Extending the Schema (advanced)

Internally, we use an augmented schema with some additional proprietary columns and measurement tables.

This section examines our process for developing an extensible schema mechanism, and describes how the core schema can be augmented to fit custom requirements. Note that this process is quite involved, and we recommend using tags for most use cases instead of a customized schema.

Thanks to Leslie Lam for all her work on making persistence generic, and for writing the original form of this document.

How to Extend the Schema

An augmented schema will need to have a custom version of CorePersistenceUtils. This requires several major changes to the persistence, arbiters, and collectors packages.

In general, the Core classes/traits inherit from the Abstract traits, and augmented Internal classes/traits inherit from Core. This linear inheritance model helps decrease code duplication, as the Internal classes will only need to override methods that use custom augmented internal-only columns/tables.

Slick

We use Slick to generate classes that allow us to interact with the database using nice Scala collection-like functions. However, there are several caveats that make generic persistence difficult. (Spoiler: we solved all our problems using type classes).

Problem 1: Case to Case Inheritance

Slick generates case classes that represent a row in a table. e.g. case class BuildRow(...).
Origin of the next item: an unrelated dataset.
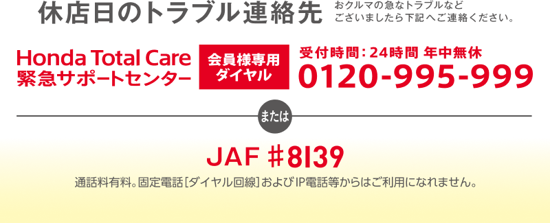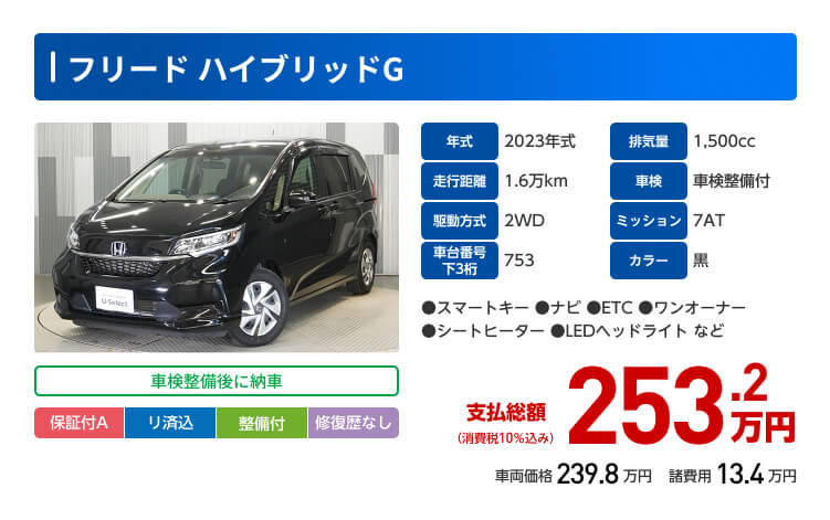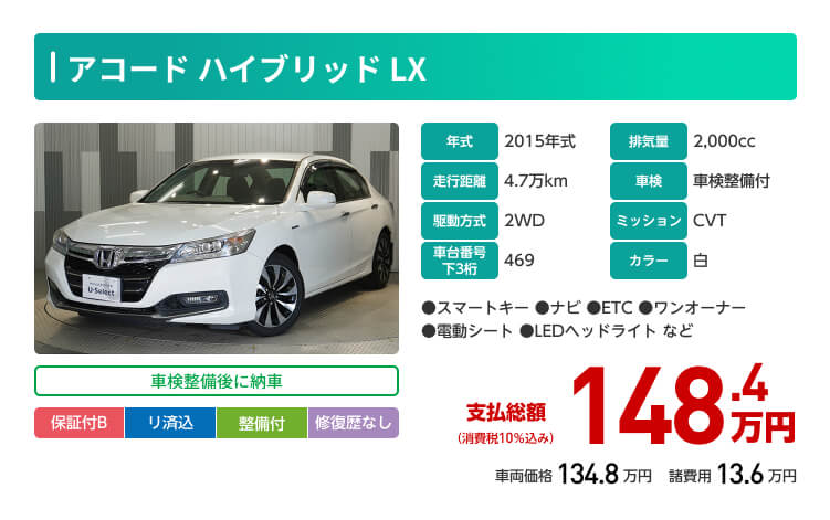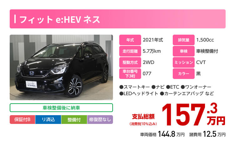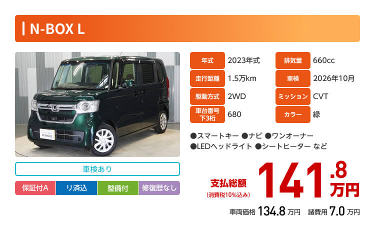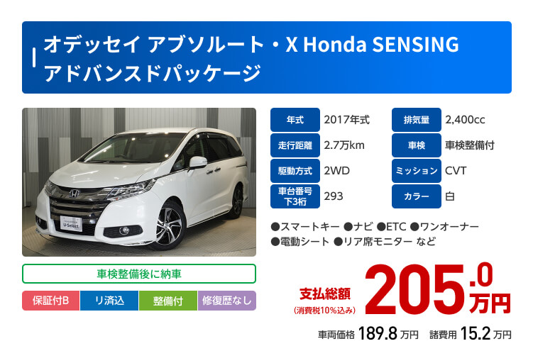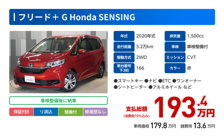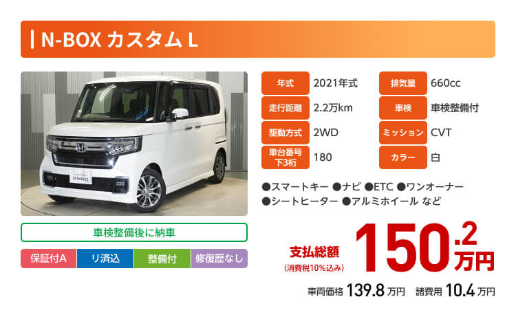 ■支払総額は、1月現在、販売店の管轄の運輸支局等で登録(届出)で店頭納車の場合の価格です。お客様の要望に基づくオプション等の費用は別途申し受けます。支払総額には、税金及び自賠責保険料、自動車リサイクル料金、登録等に伴う費用等、購入の際に必要な全ての費用が含まれています。■価格はすべて消費税10%込みの価格です。■現車は店頭にて十分ご確認の上、ご検討ください。上記掲載内容についてご不明な点はスタッフにお尋ねください。■車検整備付・・・車検証の有効期限が切れています。24ヶ月点検を実施し(定期点検整備費用は支払総額に含まれます)、車検を取得して納車します。■ETC車載器を使用するには、別途決済用のETCカード、セットアップ作業(セットアップ費用)が必要となります。■掲載内容に明らかな不備があった場合、やむなく販売をお断りすることがあります。あらかじめご了承ください。■詳しくは営業スタッフまでお問い合わせください。

If we wish to override the return type of methods defined in AbstractQueries with more specific types, we need these case classes to inherit from each other. However, case-to-case inheritance is prohibited in Scala. In order to circumvent this, we create wrapper classes for all of the core case classes. We then define implicit conversions between the case classes and the wrappers, thus allowing us to use them interchangeably and still adhere to our linear inheritance model. The wrapper classes are then extended to create their custom augmented forms.

1
2
3
4
class BuildRowWrapper(...) extends BuildRowLike
case class BuildRow(...) extends BuildRowWrapper(...)
implicit def BuildRowWrapper2BuildRow(x: BuildRowWrapper): BuildRow = ...
implicit def BuildRow2BuildRowWrapper(x: BuildRow): BuildRowWrapper = ...

Fortunately, all of this can be generated automatically by extending Slick’s source code generator.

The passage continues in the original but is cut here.